On Thu, May 14, 2020 at 10:21:07AM -0700, Larry McVoy wrote:
On Wed, May 13, 2020 at 08:42:55PM -0400, John P.
Linderman wrote:
> I never liked call by reference. When I was trying to understand a chunk of
> code, it was a great mental simplification to know that whatever a called
> routine did, it couldn't have an effect on the code I was trying to
> understand except through a returned value and (ghastly) global variables.
That has always been my issue with the C++ references, that one could not
read a piece of code in isolation, and know when a reference may be made.
I guess I'd be happy with references if the syntax always required one to
write '&x' when they're being created, then the called function can
choose
if it either wishes to use a pointer or a reference, the only difference
being the syntax used to deref the reference.
As to Doug's point about new arithmetic types and overloading, I recall
a few years ago reading on the 9fans list about an extension there (in KenC?)
which supported them in C. I've not managed to dig up the details again,
maybe someone else could.
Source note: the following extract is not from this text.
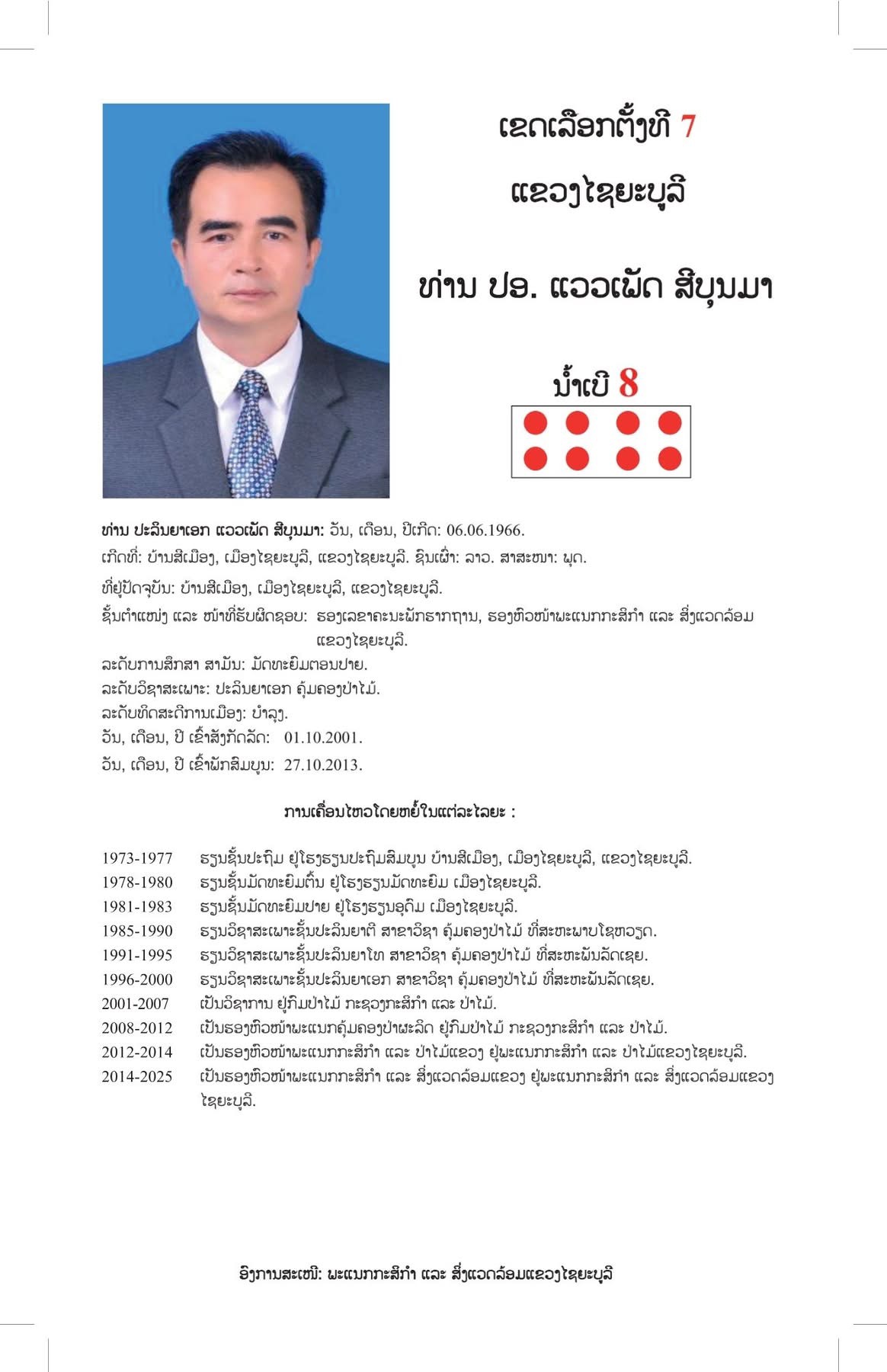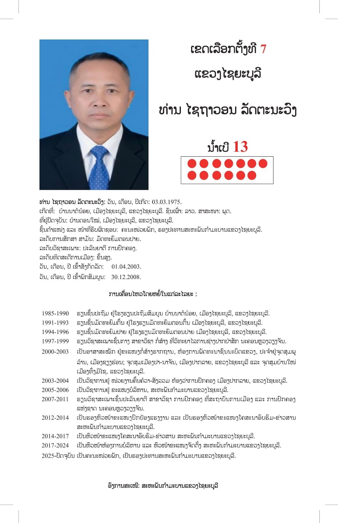 #ເຂດເລືອກຕັ້ງທີ 7 ແຂວງໄຊຍະບູລີ: ມີຈຳນວນຜູ້ສະໝັກ 13 ທ່ານ,​ ເລືອກເອົາ 09 ທ່ານ.

As I recall it involved defining structs.
Call by value is fine for things like a single integer
or whatever. When
you have some giant array, you want to pass a pointer.
And "const" helps a lot with indicating the subroutine isn't going to
change it.
However that is simply the ABI, i.e. it should be possible for a sufficiently
clever compiler to implement such a call-by-value as a call-by-constish-reference.
i.e. this:
somefn(struct s p) {...}
struct s ss; somefn(ss);
in effect becomes syntax sugar for:
somefn(constish ref struct s p) {...}
struct s ss; somefn(&ss);
Where 'constish' does not allow 'ss' to be altered even if somefn()
assigns
to 'p', because in that case it would do sufficient copying so as to
make things work. There was a proposed MIPS ABI which stated this.
The current C semantics in effect do that, but with the ABIs always having
the caller make a copy and pass a reference to it, rather than allowing the
callee to make a copy if/when required.